In August 1898, sportswriter and baseball manager Horace Fogel began the formation of the National Basketball League. The league began with six teams; three clubs from Philadelphia (Pennsylvania Bicycle Club, the Hancock Athletic Club, and the Germantown Club), and three dominant YMCA teams from New Jersey that were kicked out of the AAU (Millville Glass Blowers, Camden Electrics, and Trenton Nationals). The league expanded to eighteen teams in three divisions by October, but shrunk back down to six by the first game.

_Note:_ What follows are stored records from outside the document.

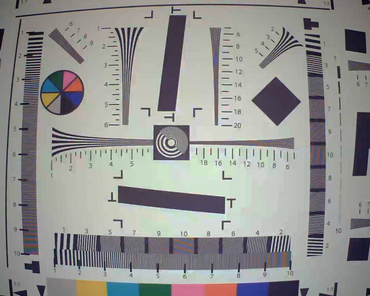 Сегодня, как и всегда ранее, мы тестируем камеру с помощью классической таблицы ISO12233. Эта таблица позволит нам оценить уровень геометрических искажений, вносимых оптической системой камеры, а также вертикальную и горизонтальную разрешающие способности. Конечно же, тестовые способности таблицы ISO12233 намного шире. Но нам, для наших целей и задач, вполне достаточно оценить именно вышеупомянутые параметры. Итак, вот скриншот, полученный с тестовой камеры: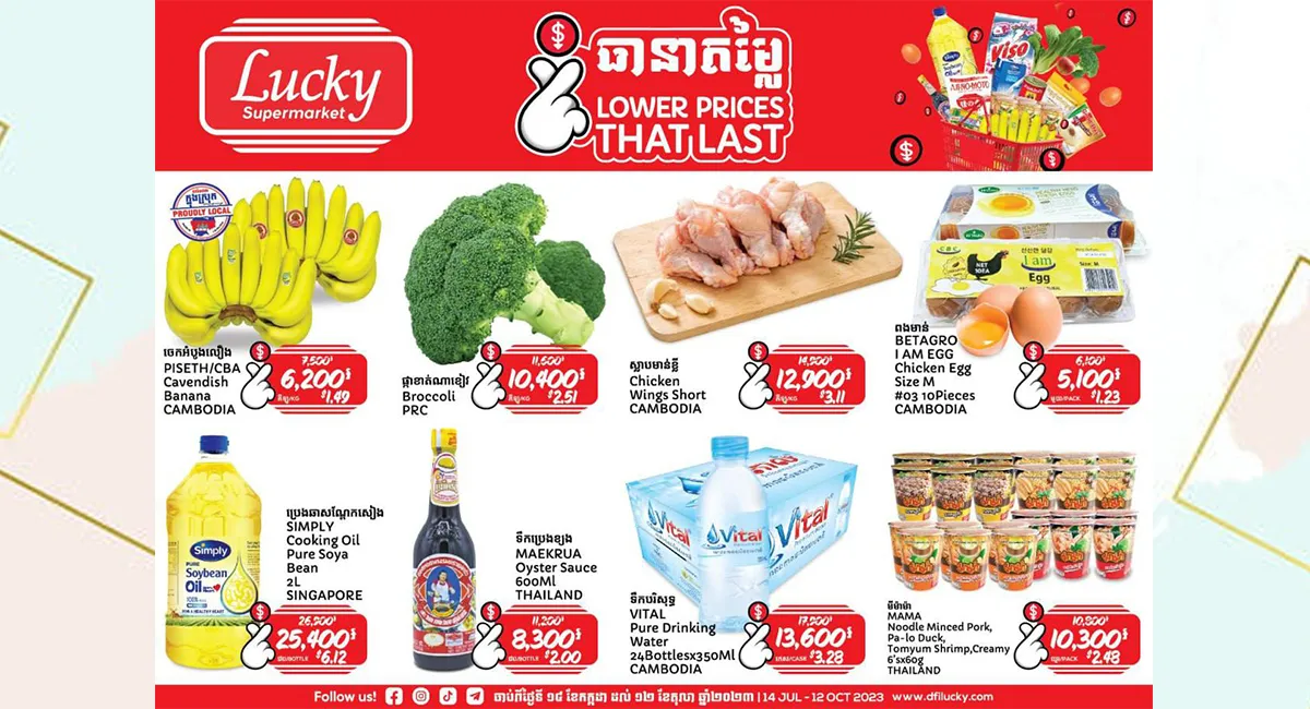 ប្រទេសកម្ពុជា, ថ្ងៃទី ១៤ ខែកក្កដា ឆ្នាំ២០២៣ - ផ្សារទំនើបឡាក់គី គឺជាផ្សារទំនើបលក់រាយឈានមុខគេ ក្នុងចំណោមផ្សារទំនើបជាច្រើន ដែលបានប្រកាសបើកកម្មវិធីពិសេសមិនធ្លាប់មានពីមុនមកគឺ “ធានាតម្លៃ ឬ LOWER PRICES THAT LAST” ដាក់លក់ទំនិញស្រស់និងគ្រឿងទេសដែលចាំបាច់សម្រាប់តម្រូវការប្រចាំថ្ងៃចំនួន ៦០ ប្រភេទ ក្នុងតម្លៃទាបជាងមុន ២០% មានរយៈពេលជិត ៣ ខែពេញ ចាប់ពីថ្ងៃទី១៤ ខែកក្កដា ឆ្នាំ២០២៣ រហូតដល់ថ្ងៃទី១២ ខែតុលា ឆ្នាំ២០២៣។
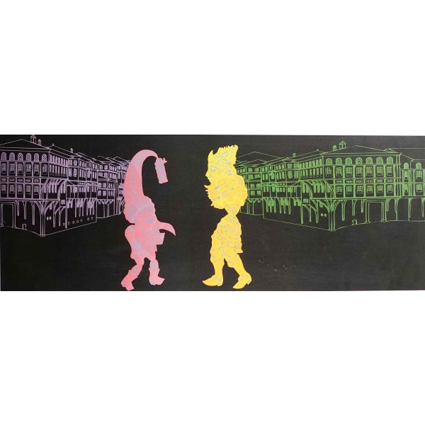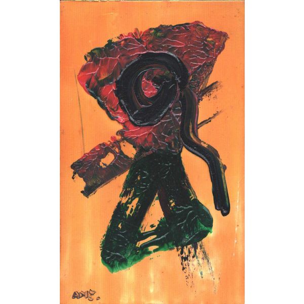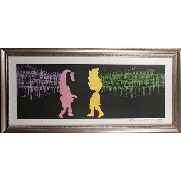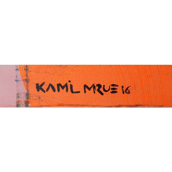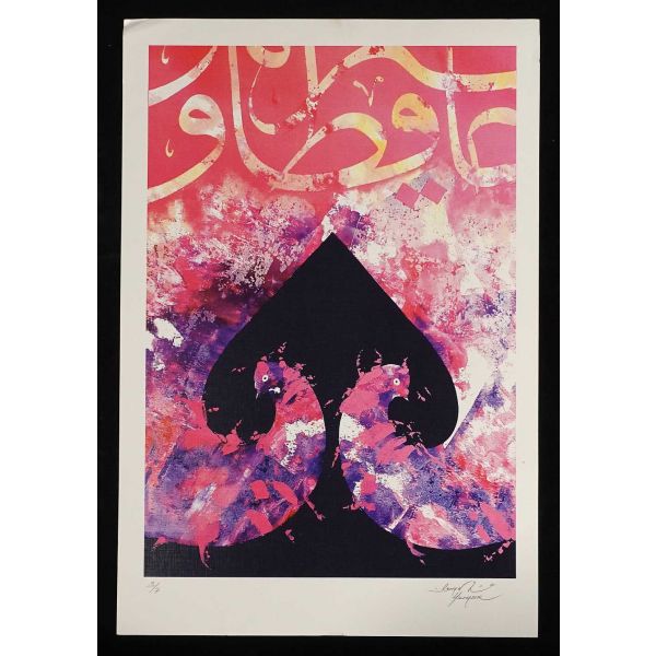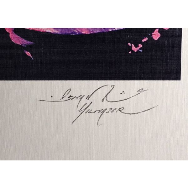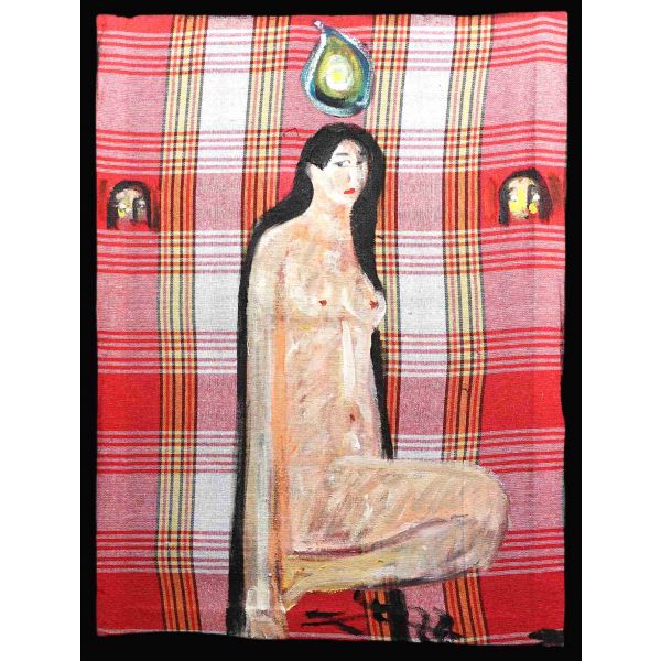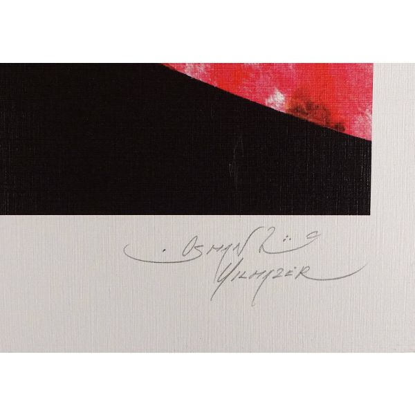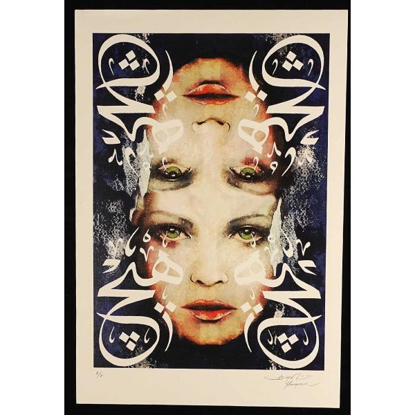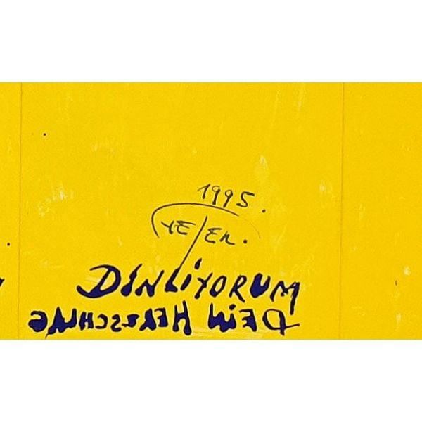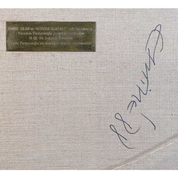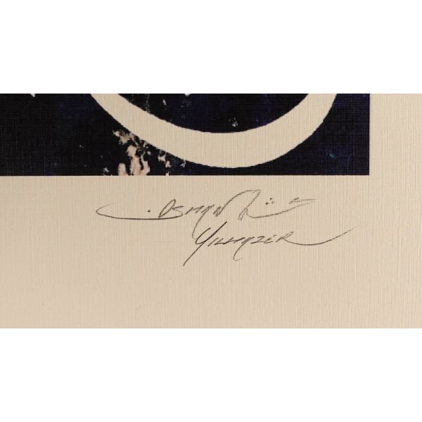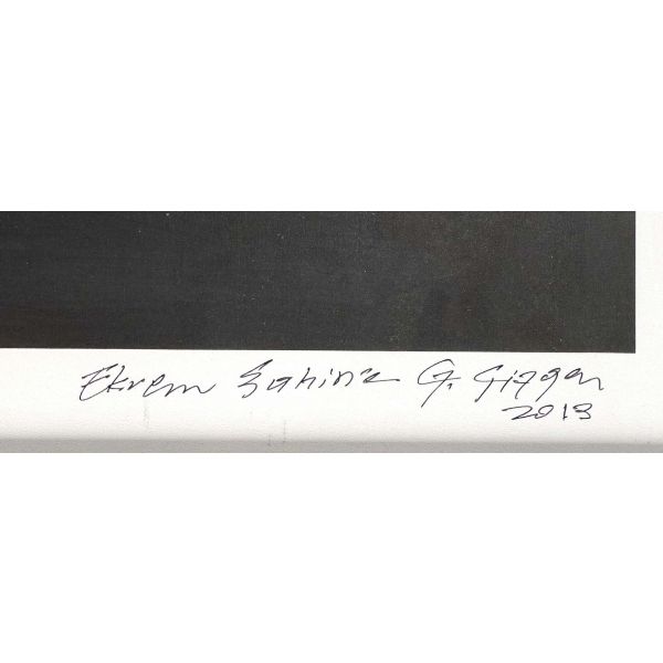 İmza; peştemalin arkasında bulunan sanatçının kendi fotoğrafı üzerine atılmıştır.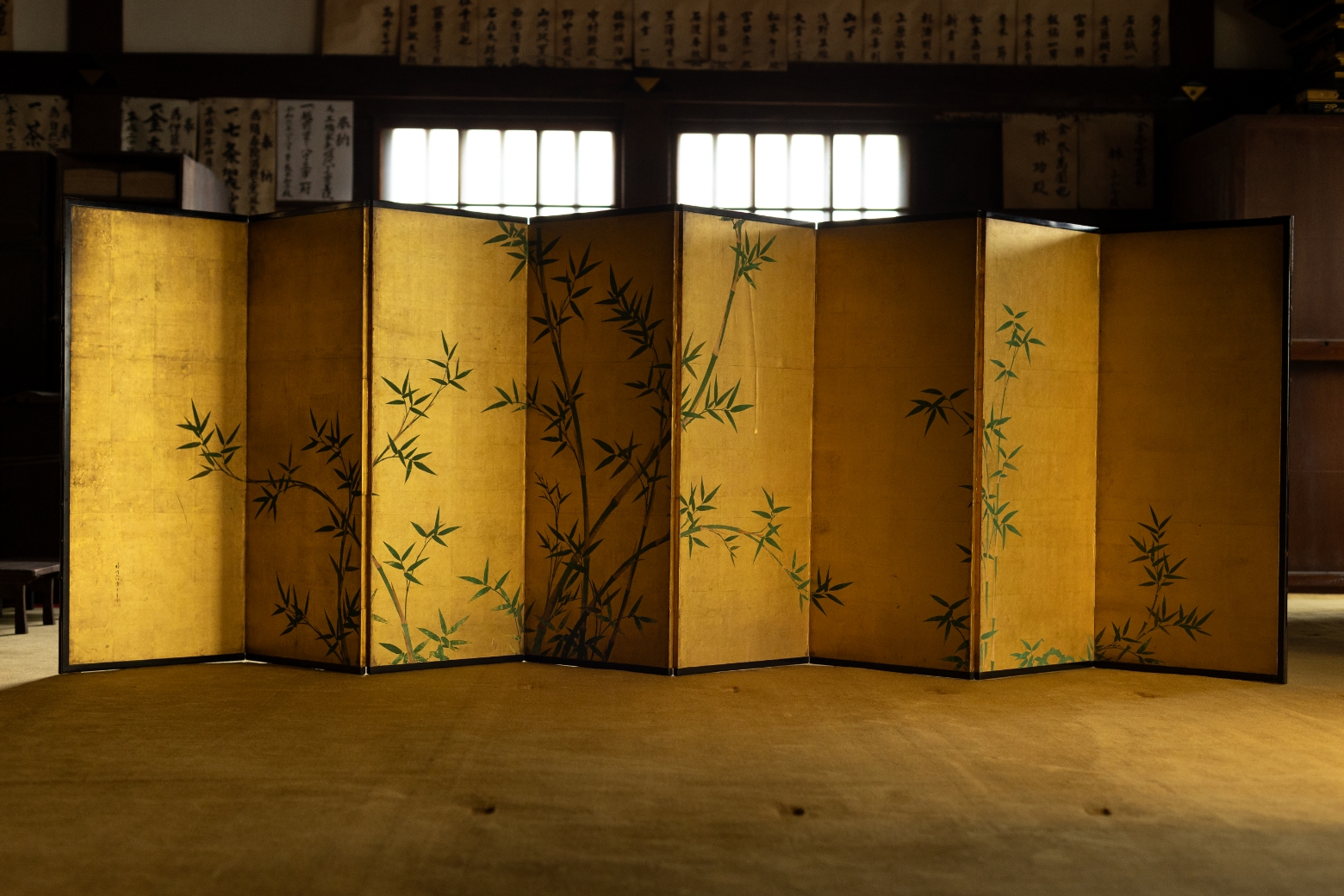 清々しい竹の緑青が総金地に映える優雅で爽やかな竹図屏風です。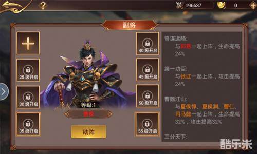 当玩家成长到75级的时候,副将助阵系统将为您开启!从副将界面和布阵界面中都可以进入助阵系统,这次开启的助阵系统真的非常强大,为什么这么说呢?因为副将助阵能够极大的提升武将的属性加成和战力!并且可以提升包括主公在内的所有武将战力!是不是让人非常心动呢?下面就来具体介绍一下这个副将助阵系统。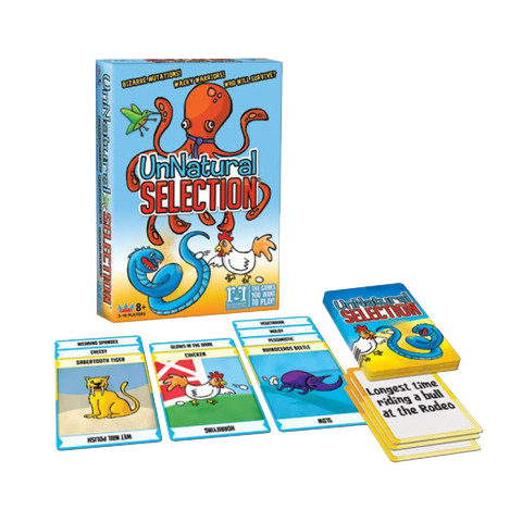 UnNatural Selection is an amusing tongue-in-cheek battle game in which you play creature cards to fight in an arena. Once the creatures are set to fight, you can play further cards to alter the abilities of your opponents in funny ways. The player judge for the round then selects a creature/attribute combination to win the match.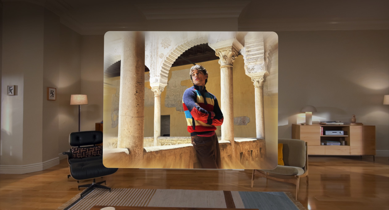 图像以“空间场景”生动呈现,营造逼真的立体纵深效果,带来栩栩如生的观感体验。你可在照片、Safari 浏览器中以空间场景进行浏览,第三方开发者也可以将其整合进自己的应用。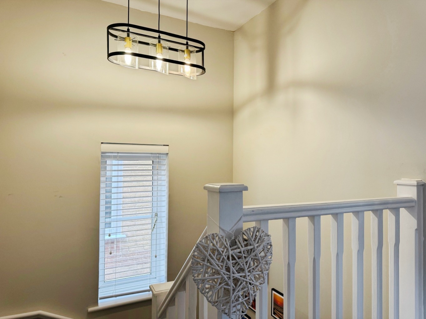 uPVC double glazed window to stairwell, raduatior, door to airing cupboard, access to loft, doors to: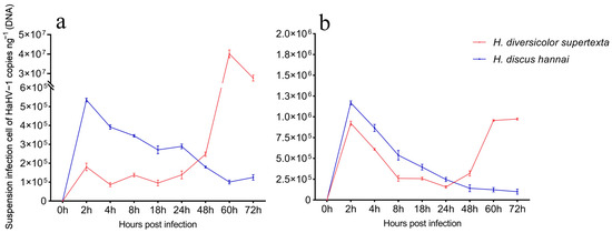 The change in HAHV-1 copies in infected hemocytes and hemolymph under in vitro conditions. (a) The change in HAHV-1 copies of H. diversicolor supertexta and H. discus hannai hemocytes, respectively; (b) The change in HAHV-1 copies of H. diversicolor supertexta and H. discus hannai hemolymph, respectively. The error bars indicate the standard deviation (SD) of the mean of HAHV-1 DNA load.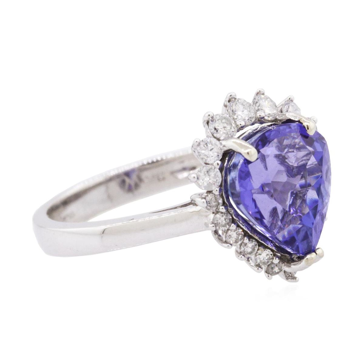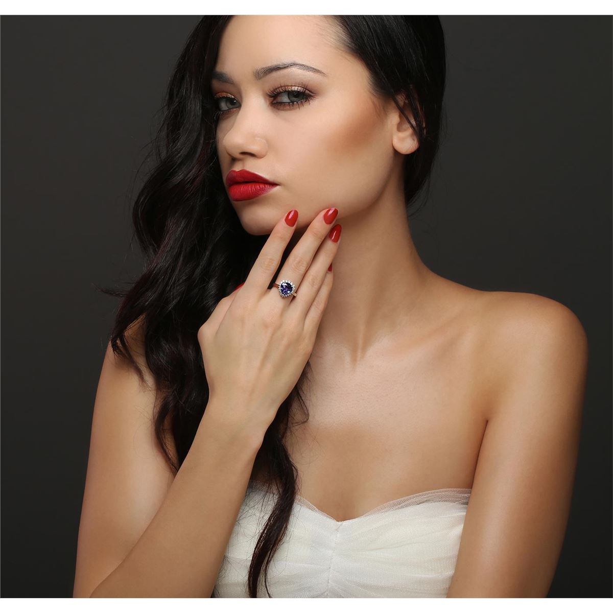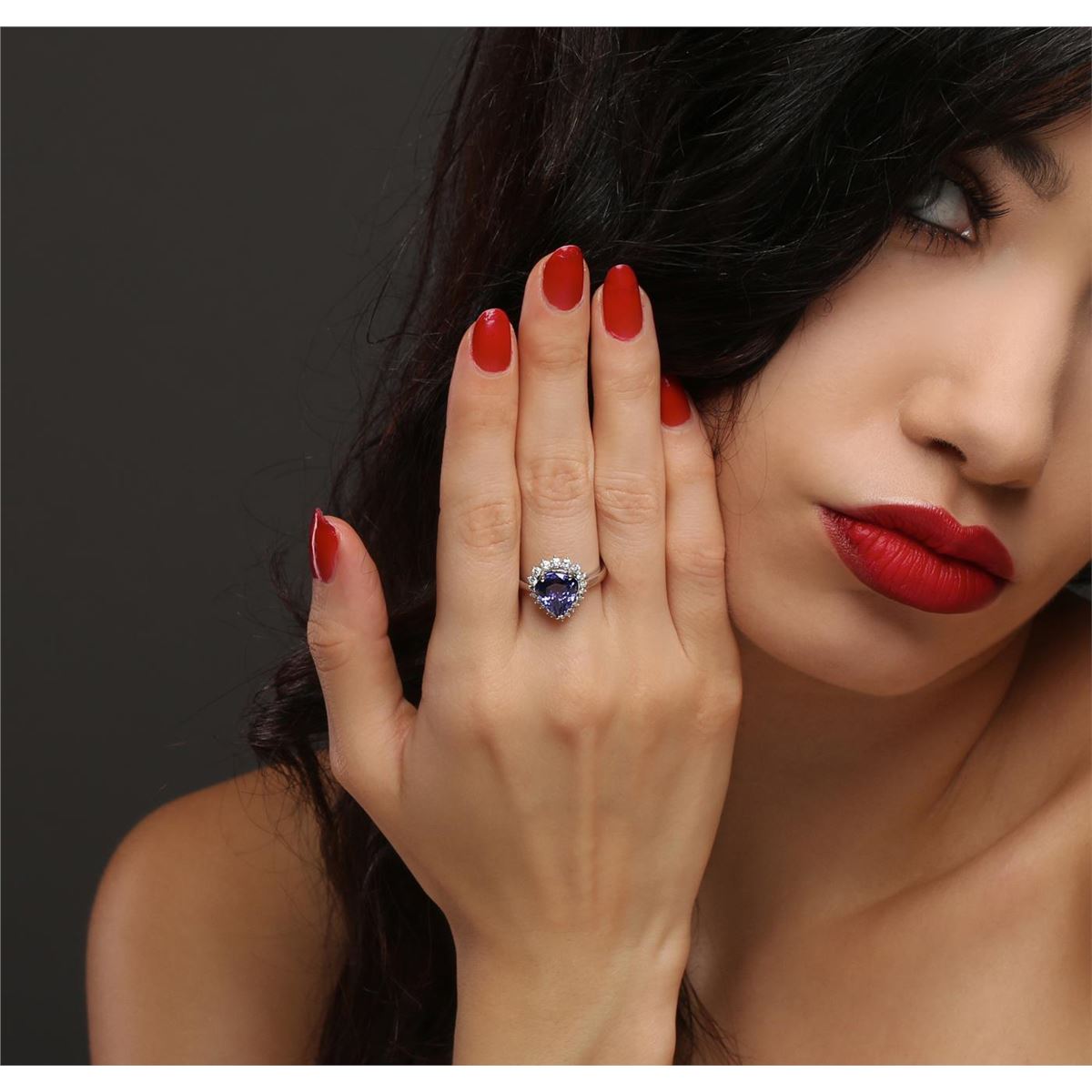 One electronically tested 14KT white gold ladies cast & assembled tanzanite and diamond ring with a bright polish finish. The featured tanzanite is set within a diamond bezel , completed by a two and one-half millimeter wide band. Trademark is Orianne. Identified with markings of "14K". Condition is new, good workmanship. Containing: One prong set pear brilliant cut natural tanzanite, measuring 10.00 x 9.20 x 6.25mm, 6% bulge factor, approximate weight of 4.08ct., clarity is eye clean, type I, medium dark, very slightly grayish, bluish violet color, (GIA bV 6/3), cut is good. Transmitting light with no distortion, transparent. Graded in the setting. Tanzanite is a very rare gemstone that is only found in the country of Tanzania. Originally discovered in 1967. Tiffany & Company, named the stone Tanzanite. It is found in the Usumburu Mountains that border the Umba Valley of northern Tanzania. Tanzanite occurs in gray, brown, violet, blue, reddish-purple, & green. The gem is interesting because of its exceptional pleochroism. Rotated in different directions a tanzanite will exhibit multiple changes of color. Tanzanite has a low tolerance to ultrasonic cleaning, and should not be cleaned using this method. Seven prong set round brilliant cut diamonds, measuring 2.20 - 1.80 x 1.20mm (depth est.) approximate total weight of 7 Stones = 0.30ct. Graded in the setting. Clarity: SI-2 to I-2. Color: H - J Thirteen prong set round brilliant cut diamonds, measuring 1.50 - 1.40 x 0.87mm (depth est.) approximate total weight of 13 Stones = 0.24ct. Graded in the setting. Clarity: I-1 to I-2. Color: H - J. Total Weight of Colored Stones 4.08ct. Total Weight of Diamonds 0.54ct. Total Weight of Ring 3.60 grams. AIG Appraised at $12,050.00.

The league debuted on December 1, 1898, with a game between the Trenton Nationals and the Hancock Athletic Association at Textile Hall in Philadelphia's Kensington neighborhood. The Nationals rallied in the second half to win 21–19 in front of 900 fans. By New Year's Eve, Germantown and Hancock had both dropped out of the league. In March 1899, three players were suspended after playing in an exhibition game, which was a breach of contract. The Trenton Nationals, coached by Fred Cooper and led by early stars Al Cooper, Harry Stout, and Gus Endebrock, won the league's first championship with a record of 18-2.

== 1899-1902 ==
The beginning of the 1899-00 season was unstable for the NBL. All but two teams (the Trenton Potters and Camden Electrics) had left the league in the offseason, with Millville joining the Interstate League. The league scrambled to find new teams in time for the season, picking up the Bristol Pile Drivers, Chester, and the dominant 23rd Street Wanderers. The Pennsylvania Bicycle Club also rejoined the league. Trenton continued to dominate into the 1899-00 season, even with the Wanderers in the league. In January, Millville rejoined the NBL after negotions by Peter Wurfflein, a Philadelphia newspaper editor. Due to this, the NBL split the season in two, naming Trenton the champions of the first half.

In the second half of the season, Trenton's team became dysfunctional after feuds between Harry Stout and his teammates. The Wanderers suffered from the fatigue of being on the road, as they were the only New York team in the league. They also lost star player Sandy Shields, as he left to take a position as a coach in Homestead. Due to these factors, as well as the efforts of Firman Reeves and Walter Barber, the Millville Glass Blowers were able to get ahead in the league. They tied with the Potters in for the highest record in the league after a 15-3 blowout. This led Fogel to leave the title of champion up to a tiebreaker match between the two teams. The first attempt at the match ended in an 18-13 Millville victory, but Fogel decided not to count it, as they allowed Electrics player Hilly Wallace to play for the Glass Blowers. Millville's players then stormed off the court in the makeup match to protest Fogel's decision. Finally, Trenton won another makeup match 22-19 against Millville to be named 1900 NBL Champions.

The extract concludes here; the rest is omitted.